So I just have a few questions:
What exactly is it?
How does it work?
Why would it be better than using a SQL Database? And how much better is it?
Is the technology too new to start implementing yet or is it worth taking a look into?
There is no such thing as NoSQL!
NoSQL is a buzzword.
For decades, when people were talking about databases, they meant relational databases. And when people were talking about relational databases, they meant those you control with Edgar F. Codd's Structured Query Language. Storing data in some other way? Madness! Anything else is just flatfiles.
But in the past few years, people started to question this dogma. People wondered if tables with rows and columns are really the only way to represent data. People started thinking and coding, and came up with many new concepts how data could be organized. And they started to create new database systems designed for these new ways of working with data.
The philosophies of all these databases were different. But one thing all these databases had in common, was that the Structured Query Language was no longer a good fit for using them. So each database replaced SQL with their own query languages. And so the term NoSQL was born, as a label for all database technologies which defy the classic relational database model.
So what do NoSQL databases have in common?
Actually, not much.
You often hear phrases like:
NoSQL is scalable!
NoSQL is for BigData!
NoSQL violates ACID!
NoSQL is a glorified key/value store!
Is that true? Well, some of these statements might be true for some databases commonly called NoSQL, but every single one is also false for at least one other. Actually, the only thing NoSQL databases have in common, is that they are databases which do not use SQL. That's it. The only thing that defines them is what sets them apart from each other.
So what sets NoSQL databases apart?
So we made clear that all those databases commonly referred to as NoSQL are too different to evaluate them together. Each of them needs to be evaluated separately to decide if they are a good fit to solve a specific problem. But where do we begin? Thankfully, NoSQL databases can be grouped into certain categories, which are suitable for different use-cases:
Document-oriented
Examples: MongoDB, CouchDB
Strengths: Heterogenous data, working object-oriented, agile development
Their advantage is that they do not require a consistent data structure. They are useful when your requirements and thus your database layout changes constantly, or when you are dealing with datasets which belong together but still look very differently. When you have a lot of tables with two columns called "key" and "value", then these might be worth looking into.
Graph databases
Examples: Neo4j, GiraffeDB.
Strengths: Data Mining
While most NoSQL databases abandon the concept of managing data relations, these databases embrace it even more than those so-called relational databases.

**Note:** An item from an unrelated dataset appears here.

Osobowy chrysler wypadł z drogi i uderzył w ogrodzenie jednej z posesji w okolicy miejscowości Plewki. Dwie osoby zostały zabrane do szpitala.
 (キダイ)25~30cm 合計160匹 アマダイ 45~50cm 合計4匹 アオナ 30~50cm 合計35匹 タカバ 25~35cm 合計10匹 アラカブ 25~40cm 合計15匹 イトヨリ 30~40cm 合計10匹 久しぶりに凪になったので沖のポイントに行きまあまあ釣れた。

Their focus is at defining data by its relation to other data. When you have a lot of tables with primary keys which are the primary keys of two other tables (and maybe some data describing the relation between them), then these might be something for you.
Key-Value Stores
Examples: Redis, Cassandra, MemcacheDB
Strengths: Fast lookup of values by known keys
They are very simplistic, but that makes them fast and easy to use. When you have no need for stored procedures, constraints, triggers and all those advanced database features and you just want fast storage and retrieval of your data, then those are for you.
Unfortunately they assume that you know exactly what you are looking for. You need the profile of User157641? No problem, will only take microseconds. But what when you want the names of all users who are aged between 16 and 24, have "waffles" as their favorite food and logged in in the last 24 hours? Tough luck. When you don't have a definite and unique key for a specific result, you can't get it out of your K-V store that easily.
Is SQL obsolete?
Some NoSQL proponents claim that their favorite NoSQL database is the new way of doing things, and SQL is a thing of the past.
Are they right?
No, of course they aren't. While there are problems SQL isn't suitable for, it still got its strengths. Lots of data models are simply best represented as a collection of tables which reference each other. Especially because most database programmers were trained for decades to think of data in a relational way, and trying to press this mindset onto a new technology which wasn't made for it rarely ends well.

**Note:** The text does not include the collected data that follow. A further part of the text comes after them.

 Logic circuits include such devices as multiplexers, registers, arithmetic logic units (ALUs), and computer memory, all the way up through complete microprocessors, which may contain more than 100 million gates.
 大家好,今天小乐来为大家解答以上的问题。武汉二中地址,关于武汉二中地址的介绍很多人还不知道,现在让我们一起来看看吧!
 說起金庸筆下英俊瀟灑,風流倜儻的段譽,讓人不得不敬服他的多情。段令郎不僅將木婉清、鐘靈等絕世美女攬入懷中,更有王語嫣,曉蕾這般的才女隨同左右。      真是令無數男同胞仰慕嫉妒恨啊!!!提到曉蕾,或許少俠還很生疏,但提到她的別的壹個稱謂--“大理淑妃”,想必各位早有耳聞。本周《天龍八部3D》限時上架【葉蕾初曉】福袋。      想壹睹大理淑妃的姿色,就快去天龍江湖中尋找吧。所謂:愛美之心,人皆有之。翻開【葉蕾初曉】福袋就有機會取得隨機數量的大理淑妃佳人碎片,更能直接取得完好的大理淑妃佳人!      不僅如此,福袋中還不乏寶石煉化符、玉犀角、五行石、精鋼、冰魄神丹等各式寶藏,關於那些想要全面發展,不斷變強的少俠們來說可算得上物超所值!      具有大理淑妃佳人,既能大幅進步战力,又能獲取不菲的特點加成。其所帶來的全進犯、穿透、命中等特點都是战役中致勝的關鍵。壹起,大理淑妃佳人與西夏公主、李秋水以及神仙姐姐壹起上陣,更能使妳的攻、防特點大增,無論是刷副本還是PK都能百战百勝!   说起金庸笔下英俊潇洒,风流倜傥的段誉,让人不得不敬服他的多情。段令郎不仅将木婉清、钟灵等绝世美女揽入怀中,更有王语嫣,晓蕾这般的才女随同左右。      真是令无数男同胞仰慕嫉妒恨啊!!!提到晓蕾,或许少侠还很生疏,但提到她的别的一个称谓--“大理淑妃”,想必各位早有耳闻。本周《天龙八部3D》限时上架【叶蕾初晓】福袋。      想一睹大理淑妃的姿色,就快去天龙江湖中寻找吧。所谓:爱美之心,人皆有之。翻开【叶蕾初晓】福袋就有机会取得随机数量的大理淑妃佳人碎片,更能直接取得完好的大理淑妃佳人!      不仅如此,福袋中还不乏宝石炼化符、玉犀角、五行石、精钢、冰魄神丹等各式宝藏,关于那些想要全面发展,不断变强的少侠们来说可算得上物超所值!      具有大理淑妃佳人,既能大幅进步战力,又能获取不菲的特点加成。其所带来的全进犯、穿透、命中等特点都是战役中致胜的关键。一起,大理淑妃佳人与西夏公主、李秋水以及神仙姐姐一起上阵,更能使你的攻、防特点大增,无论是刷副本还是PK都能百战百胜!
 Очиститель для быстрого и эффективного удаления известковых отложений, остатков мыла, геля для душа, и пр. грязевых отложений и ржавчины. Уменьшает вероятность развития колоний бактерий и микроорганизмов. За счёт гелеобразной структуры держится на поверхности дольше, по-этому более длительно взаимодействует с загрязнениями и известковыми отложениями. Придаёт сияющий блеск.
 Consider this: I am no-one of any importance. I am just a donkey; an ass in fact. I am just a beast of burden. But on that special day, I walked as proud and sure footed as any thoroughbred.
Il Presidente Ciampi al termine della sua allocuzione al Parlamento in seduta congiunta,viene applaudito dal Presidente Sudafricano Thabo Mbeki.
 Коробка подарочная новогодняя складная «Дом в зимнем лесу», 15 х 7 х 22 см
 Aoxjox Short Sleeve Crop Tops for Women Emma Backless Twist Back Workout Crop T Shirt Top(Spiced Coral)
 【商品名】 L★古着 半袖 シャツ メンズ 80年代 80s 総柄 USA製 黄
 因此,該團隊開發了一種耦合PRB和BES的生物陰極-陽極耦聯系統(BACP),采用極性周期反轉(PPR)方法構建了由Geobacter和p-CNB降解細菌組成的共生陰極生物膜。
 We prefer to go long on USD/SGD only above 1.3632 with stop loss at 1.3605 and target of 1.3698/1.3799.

NoSQL databases aren't a replacement for SQL - they are an alternative.
Most software ecosystems around the different NoSQL databases aren't as mature yet. While there are advances, you still haven't got supplemental tools which are as mature and powerful as those available for popular SQL databases.
Also, there is much more know-how for SQL around. Generations of computer scientists have spent decades of their careers into research focusing on relational databases, and it shows: The literature written about SQL databases and relational data modelling, both practical and theoretical, could fill multiple libraries full of books. How to build a relational database for your data is a topic so well-researched it's hard to find a corner case where there isn't a generally accepted by-the-book best practice.

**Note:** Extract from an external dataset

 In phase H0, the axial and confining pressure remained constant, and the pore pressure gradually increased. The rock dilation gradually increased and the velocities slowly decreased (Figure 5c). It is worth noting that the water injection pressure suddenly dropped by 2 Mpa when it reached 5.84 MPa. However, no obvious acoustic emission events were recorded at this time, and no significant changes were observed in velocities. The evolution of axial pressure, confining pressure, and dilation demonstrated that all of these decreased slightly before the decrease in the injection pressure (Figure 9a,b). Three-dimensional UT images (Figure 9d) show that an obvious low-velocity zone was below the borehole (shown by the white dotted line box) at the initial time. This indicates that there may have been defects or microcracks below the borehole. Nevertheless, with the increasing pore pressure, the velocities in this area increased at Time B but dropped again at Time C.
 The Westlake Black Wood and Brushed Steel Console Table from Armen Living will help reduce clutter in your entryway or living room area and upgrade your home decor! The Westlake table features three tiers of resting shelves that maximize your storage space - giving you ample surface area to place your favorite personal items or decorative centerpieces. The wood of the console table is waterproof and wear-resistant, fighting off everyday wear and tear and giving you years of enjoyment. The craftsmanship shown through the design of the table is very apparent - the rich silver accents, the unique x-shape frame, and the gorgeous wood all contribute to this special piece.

Most NoSQL databases, on the other hand, are still in their infancy. We are still figuring out the best way to use them.
What exactly is it?
On one hand, a specific system, but it has also become a generic word for a variety of new data storage backends that do not follow the relational DB model.
How does it work?
Each of the systems labelled with the generic name works differently, but the basic idea is to offer better scalability and performance by using DB models that don't support all the functionality of a generic RDBMS, but still enough functionality to be useful. In a way it's like MySQL, which at one time lacked support for transactions but, exactly because of that, managed to outperform other DB systems. If you could write your app in a way that didn't require transactions, it was great.
Why would it be better than using a SQL Database? And how much better is it?
It would be better when your site needs to scale so massively that the best RDBMS running on the best hardware you can afford and optimized as much as possible simply can't keep up with the load. How much better it is depends on the specific use case (lots of update activity combined with lots of joins is very hard on "traditional" RDBMSs) - could well be a factor of 1000 in extreme cases.
Is the technology too new to start implementing yet or is it worth taking a look into?
Depends mainly on what you're trying to achieve. It's certainly mature enough to use. But few applications really need to scale that massively. For most, a traditional RDBMS is sufficient. However, with internet usage becoming more ubiquitous all the time, it's quite likely that applications that do will become more common (though probably not dominant).
Since someone said that my previous post was off-topic, I'll try to compensate :-) NoSQL is not, and never was, intended to be a replacement for more mainstream SQL databases, but a couple of words are in order to get things in the right perspective.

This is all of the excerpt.